Many of my Meetup members, friends and family have been talking to me about contributing to my site again. It looks like they have won. I can’t think of a better day to start than on Mother’s Day.
My mother turned 95 yesterday (May 10th, 1924).
Notice that I did not mention that she “celebrated” her birthday. I have my reasons, my mother’s (reason) is that she HATES any mention of her birthday. In fact, if you want to see the ire of a 95 year-old, 4’9″ Japanese mother, go ahead…mention her birthday.
Born Yukiko Matsushita, she grew up in a wealthy family. Yet, 75% of her family were decimated by post-World War II diseases in Japan that are no longer spoken of. Diseases such as polio, smallpox and diphtheria claimed the lives of her mother, brothers and sisters.
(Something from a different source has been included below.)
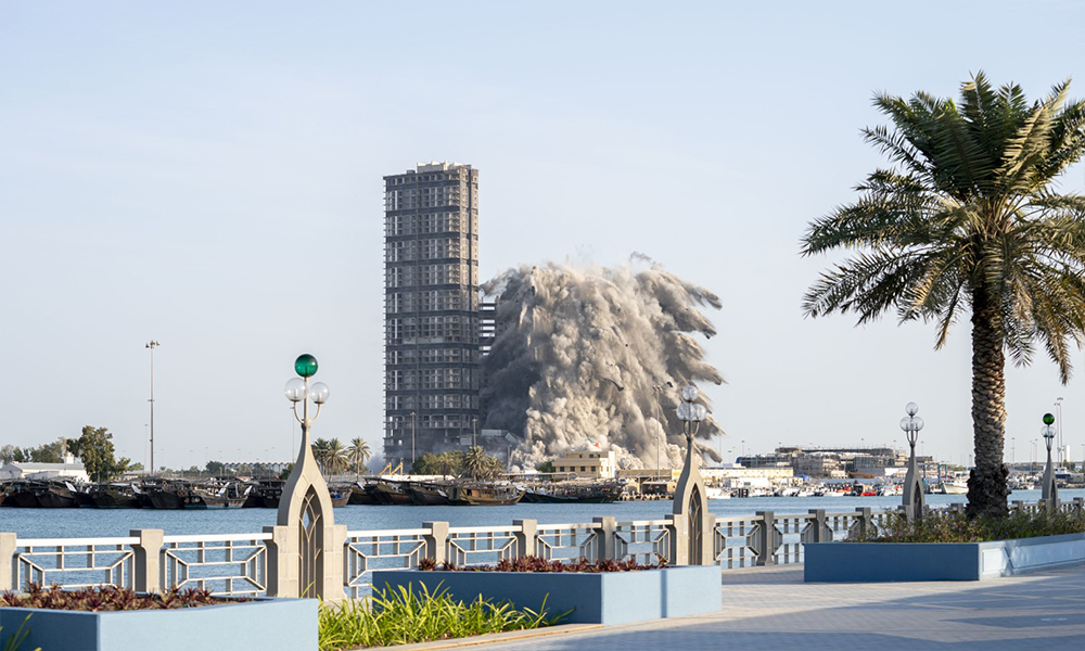 Joint coordination and cooperation was made with all concerned parties to ensure a smooth and safe demolition event. The Mina Zayed area was evacuated in cooperation with Abu Dhabi Police.
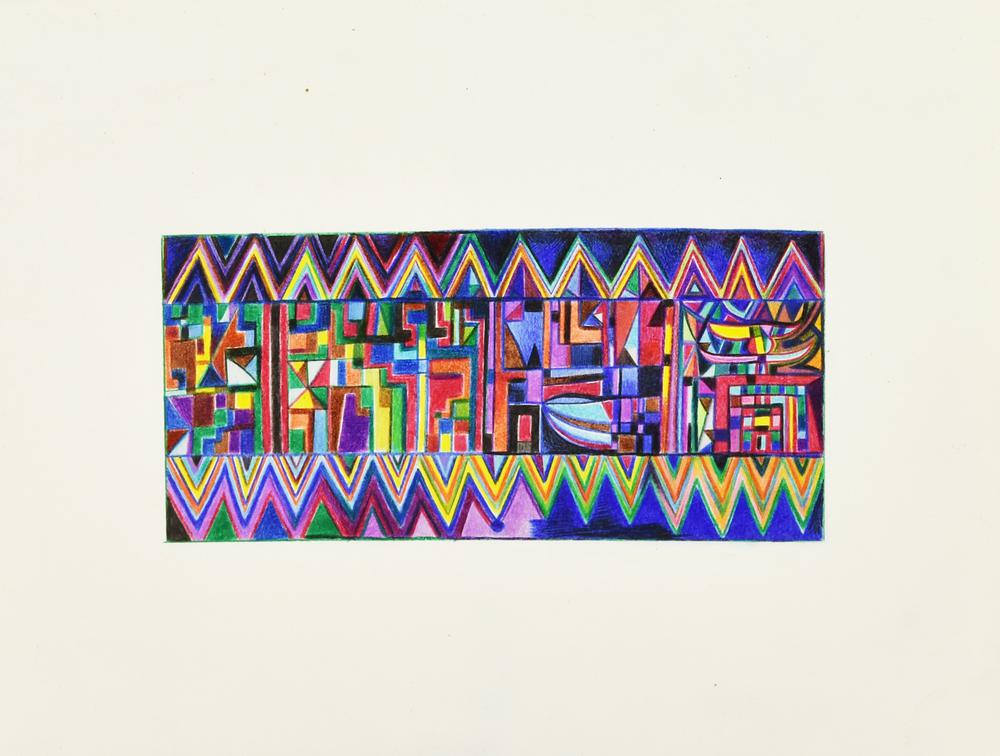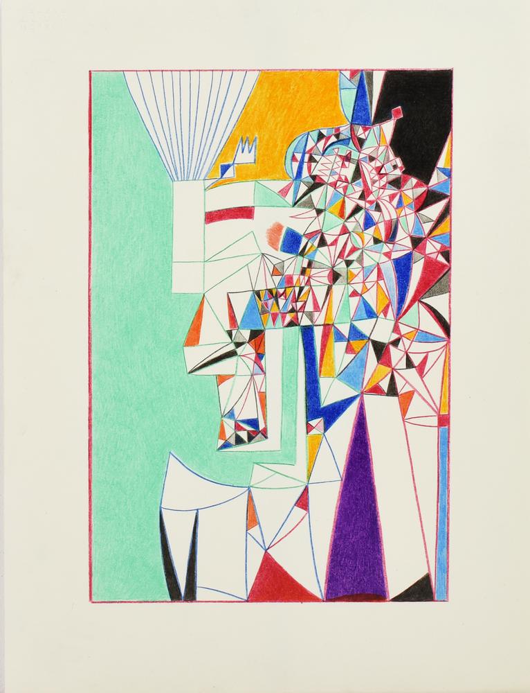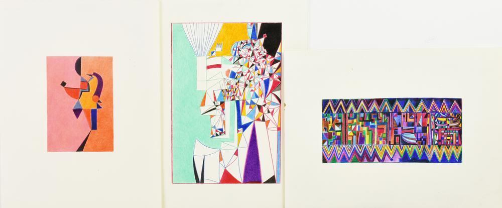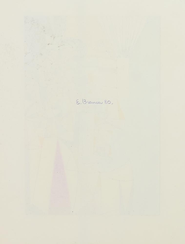 Enzo Branca COMPOSIZIONI, 1980 -matite colorate su carta, cm 25x33 sul retro:...

My mother is the first child on the left, held by her mother. Her mother would die of disease, a few years after this photograph was taken. Her father would remarry a younger woman with her own children, siring three more. Her father (my grandfather) owned a textile factory in Tokyo. He attended the oldest and what was at that time, the most prestigious university in Japan Keio University. He graduated in the top 1% of his class. Because of his standing, my grandfather could have become a politician, lawyer, doctor or scientist. He chose to become a businessman and enter the world market as a textile manufacturer. My grandfather specialized in manufacturing silks for the seats in the finest Pullman cars in the world. His company prospered from the manufacture of silks until World War II, because of the war. The advent of World War II devastated his business, the Japanese government told my grandfather that he would retool his factories to manufacture uniforms for the Japanese army and navy, or they would take over his business.
My mother used to tell me stories about her siblings calling her “mouse”, because of her height. My mother also told me stories about dodging bullets as a girl in Tokyo. She mentioned once that one of our planes was strafing ground targets, of which she was one (I guess mom was pretty tough).
My mother lived through post-war Japan by attending school to be a kindergarten teacher. She talked more to my sister about those years, the devastation of her father’s business, the war eventually leading him to move onto other business ventures, only to die of stomach problems at an early age. One thing my mother did was to work at the USO, where she met my father in the early 50’s. No doubt, she was shunned by her family because of her association with a gaijin (especially a non-commissioned officer in the Air Force). A two-year courtship via mail ensued, eventually landing my father in trouble for failing to get permission to marry my mother from his commanding officer (an error that would cost him his ability to rise up in rank, quickly).
With my birth, and my sister’s birth two years later, we became a family that traveled from one base to another every 4 years or so. My father loved art and music as a pastime, as did my mother. From my perspective, Dad often did his thing and Mom did hers.
I remember our times in (what was then) Misawa Air Force Base in Northern Japan. My mother loved “punch pictures”, often working with my sister, while Dad would take me to the base library. It was in that library, where I was permitted to divulge myself of whatever books were in the library. Yes folks, I was an 8 year-old with a passion for mischief, reading books about the Vietnam Conflict and adult science fiction short stories by Frank Herbert, Robert A. Heinlein, Robert Silverberg, Philip K. Dick, Larry Niven, Isaac Asimov, Ray Bradbury, Arthur C. Clarke and Kurt Vonnegut, shaped my life and future, while Dad sat in a recording booth, creating reel-to-reel tapes of his favorite music.
Mom was our influence in art and would continue to be until only a few years ago. All of the following images were either painted or created by my mother.
What were also fascinating, were Mom’s dolls. She took up a hobby of “doll-making”. Mom added her own flair to her dolls, many of them relegated to a lifetime in her basement, hidden from public eyes.
Some of her dolls won awards. Again, what you are seeing were kept locked away in her basement.
Mom did have a more prized collection of dolls in her living room. Not all of them were made by my mother, but prized (just the same).
It was my mother’s love of art that influenced me to create a more “visual” form of writing.
Thus ends my tribute to my mother on this Mother’s Day. I hope that you have enjoyed her work as much as I have and that you enjoy your own Mother’s Day celebration in honor of the mothers of our world.